Friday's performance will be followed by a discussion with Caterina Albano, PRICE and Stefa Govaart, moderated by Joshua Wicke.
Caterina Albano holds a PhD in early modern studies (University of London) and is reader in visual culture at Central Saint Martins, University of the Arts London. Albano is a researcher, writer and curator in the fields of contemporary art and visual cultures, and cultural theory. She is the author of Out of Breath: Vulnerability of Air in Contemporary Art (Minnesota University Press, 2022), Memory, Forgetting and the Moving Image (Palgrave MacMillan, 2016) and Fear and Art in the Contemporary World (Reaktion Books, 2012), of journal articles and essays on the politics of memory and trauma, emotion and vulnerability, affect and atmospheres, the history of emotions, psychoanalysis, and curating.

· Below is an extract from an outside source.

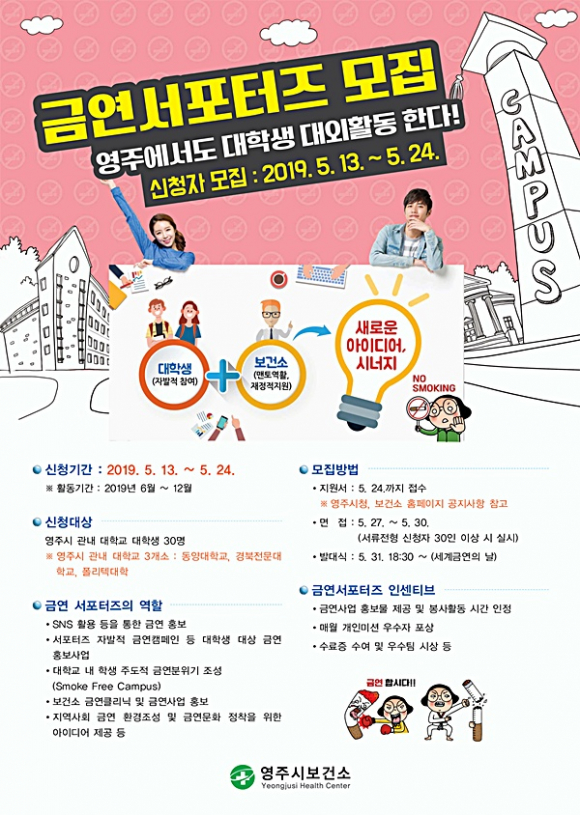 영주시보건소(소장 김인석)는 5월 24일까지 영주시 관내 대학교 학생을 대상으로 2019년 대학생 금연 서포터즈를 모집한다.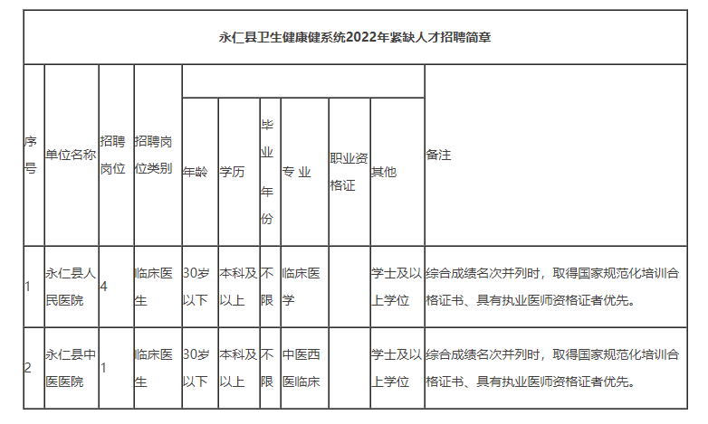 2022年,永仁县卫健系统招聘紧缺专业技术人才5名,其中:永仁县人民医院临床医学专业4名、永仁县中医医院中西医临床专业1名。

In this new stage production, PRICE has collaborated with dancers and choreographers Davi Pontes, Wallace Ferreira, Viní Ventania as well as composers Tobias Koch and Renato Grieco to examine the often marginalised sense of smell. As the dense beauty of the images lingers, something fills the air. The stage leaks and what escapes engulfs those present, penetrating them. L'Air du Temps (breathing in my beloved) is a call, a moment in time, an air condition.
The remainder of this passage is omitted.